SGML works, has a model, because it encourages us to identify the things we care about and their relations, and to define a mapping from those markup constructs to the world. When vocabularies don’t do that or don’t do that well, we have a more or less explicit sense that they’re not quite right. One reason that many people have said they’re unhappy with the existing RDF XML syntax is that they feel it’s ugly. Why is it ugly? It’s ugly because it has the avowed aim of allowing us to write down what is described as a graph, with a very simple regular structure, and the XML markup proposed does not have such a simple regular structure. The structure of the XML has very little relation to the RDF graph you’re going to get out of it. This is why I’m so very happy to have Jeremy Carroll [Carroll and Stickler 2004] suggesting an XML syntax that’s beautiful by comparison, because: you can see the graph in it! The only thing that was ever beautiful about RDF is the simplicity of the graph model. Why the original working groups wanted to disguise that beauty by giving it an ugly XML syntax I have never fully understood — except, perhaps, that they believed that XML would eventually wither away because, as I said earlier, I think, they don’t believe that it has a model.

Notice, also, that the RDF XML illustrates an interesting point. Although the relationship between the model and the modeled is frequently described as one of isomorphism, I think actually that’s not quite right. I think the relationship is more likely to be a homomorphism, because the structure of the model is not always perfectly reflective of the structure of the thing being modeled. We do tend to believe that those are ugly, but we do tend to produce them from time to time.

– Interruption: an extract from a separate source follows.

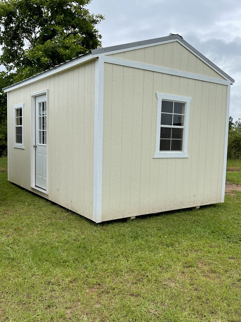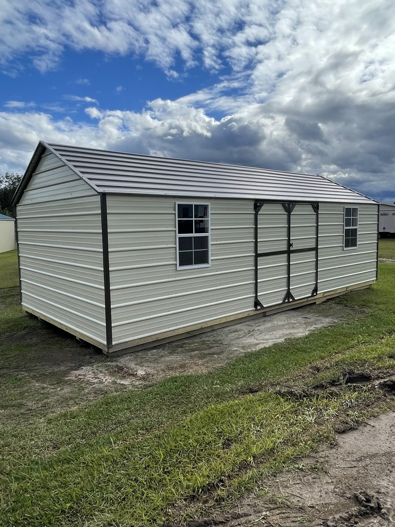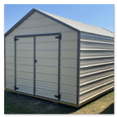 The economy metal utility comes with a 5 year warranty. Available sizes 8x12 through 12x32. This is our most economical building option. These buildings are great for storage, tool sheds, and lawn equipment. Built locally in Montezuma, Ga. Our goal is to offer you a quality product at a reasonable price. Economy Metal Buildings come in Sandstone on the roof and Sides. With your pick of a trim color. Options are not available for this model.
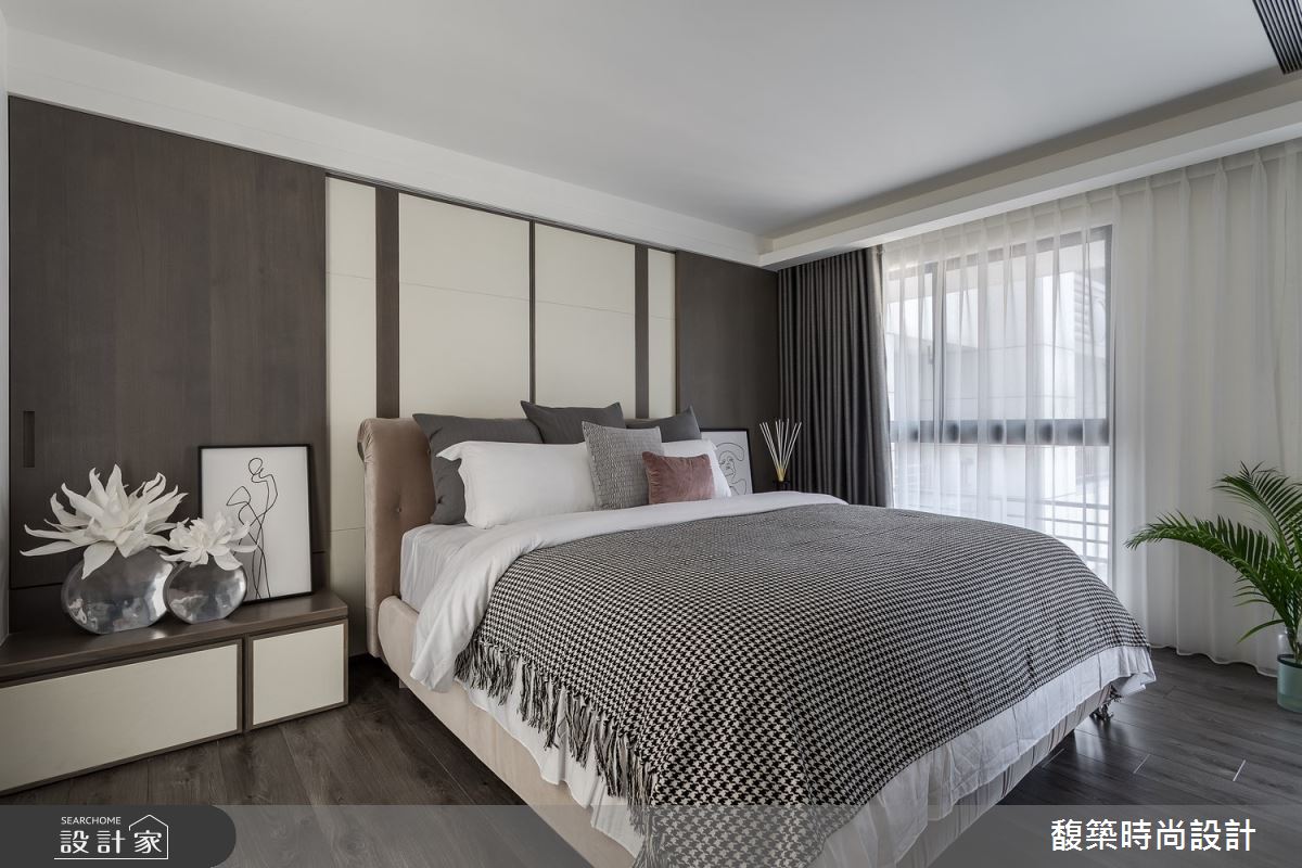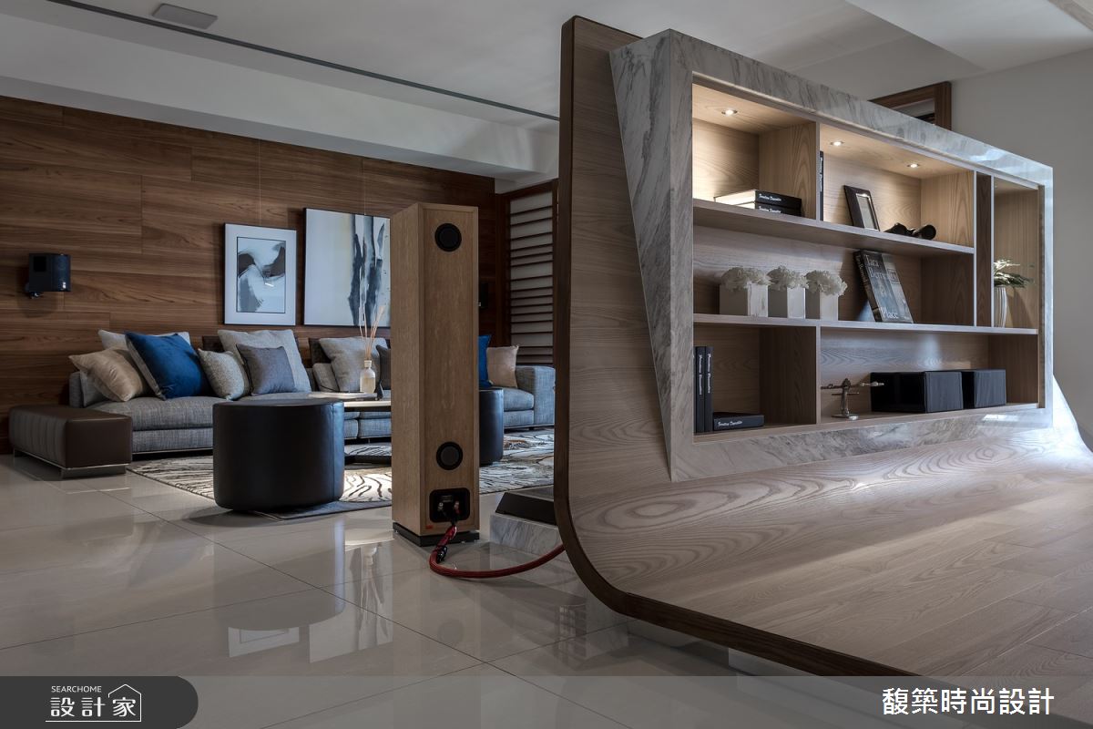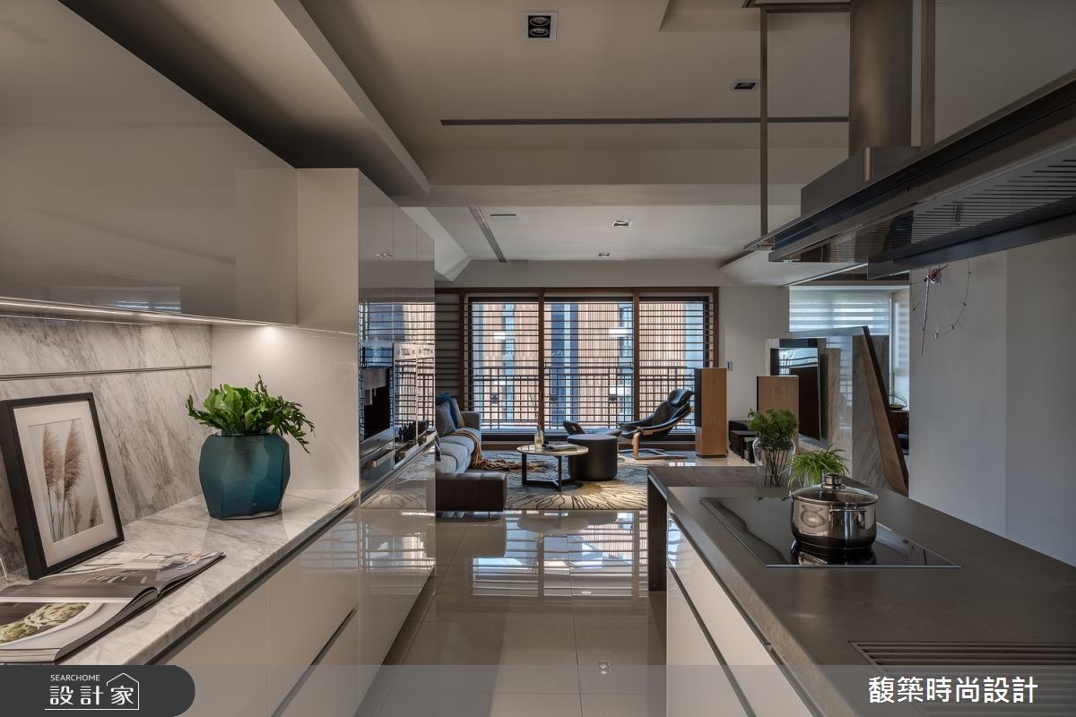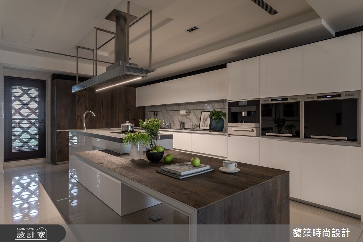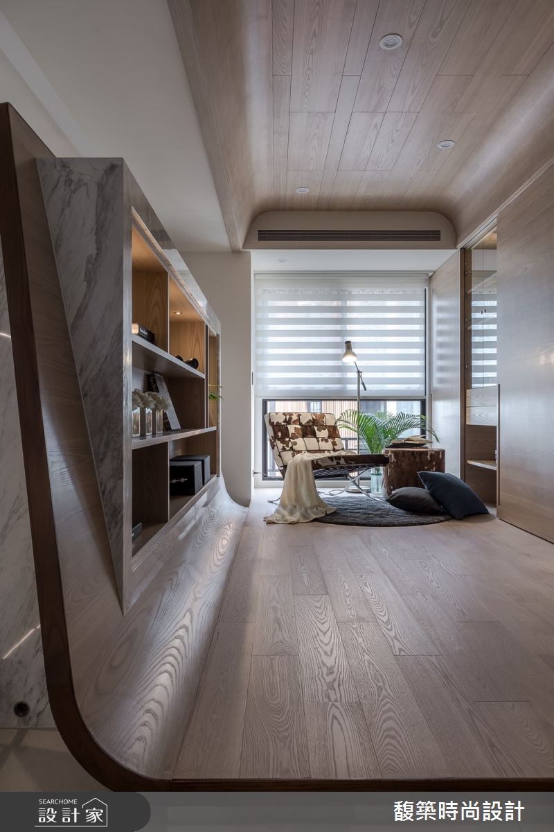 客廳以木格柵取代百葉,將戶外景致移植入室,促成內外景色的美好連結,客廳則配置大理石電視牆,與後方弧形木板相連結,向背後延伸出一處多功能區,形塑具包覆感的多功能空間,與客廳彼此區隔、卻又形成一定的互動;餐廚區域,配置淺白色的廚具設配,展現俐落精緻感,且將中島串聯木餐桌,打造實用美觀的聚餐領域;私領域,承襲溫潤沉靜的木元素,於床頭鋪敘沉穩木紋,再利用電視牆位置擘劃回字動線,兼顧梳妝、閱讀、睡眠等主題,區劃出每個實用區塊!

And of course, unlike most people who are trying to define data models, we don’t define operations. We don’t define operations, I believe, because the whole point, the initial model for SGML, was to enable reuse. How am I going to enable reuse if I prescribe for you the operations you are allowed to perform? Now, before I leave this topic I should admit: This in itself a model, an idealization. I am ignoring, for purposes of this discussion — and in order to get this talk to end before four o’clock — the existence of unreliable markup, the existence of idiosyncratic markup, the existence of different schools of usage of the same vocabulary, and I am ignoring tag abuse — all of which complicate the whole idea that the vocabulary designer says what the model is.

Models of SGML and XML

But of course if Eric Miller were here he’d stand up and say, “That’s not what I mean! I mean — what about whitespace? Surely you have to decide which whitespace is significant and not. And what’s the canonical form for an XML document — how do I know whether two XML documents are identical or equal or equivalent for processing purposes? Is SGML a stream of characters or a stream of octets or a tree or a serialization of a tree? Is the whitespace around attributes significant or insignificant?” Pointing Eric or anybody else to the infoset or to any of the other data models is not really an answer because there’s too much variation in the answer. The answer is: “You decide. It depends on what you’re doing.”

This isn’t necessarily the best possible answer; and in fact quite frequently, let’s admit it, it’s a royal pain. It would almost certainly have been better to nail down an answer to some of those questions in the SGML spec, even if we said that this is just a reference model: you can do things differently if you have a good reason to.

For some purposes the variations among the Document Object Model and the Infoset and XPath 1.0 and 2.0 make a difference and they make one or the other more convenient for what you’re doing. At those times I’m happy to have the variation. Sometimes I want entity boundaries to be significant and visible and sometimes I don’t. But in many cases it’s just a variation that’s unmotivated, just noise, just a pain.

On the other hand, consider the alternative. SQL doesn’t have this kind of variation; at least I don’t perceive it to, from my vantage point as a user of SQL systems. SQL says very explicitly what’s significant and what’s not; the order of columns is significant in one particular limited way (namely that if you type a star in your select statement you’ll get them back in the order you defined them in), but the order of rows is never significant and you can never bank on it. But that’s it. They tell you exactly what’s significant and what’s not, and you can only get at SQL data through an API.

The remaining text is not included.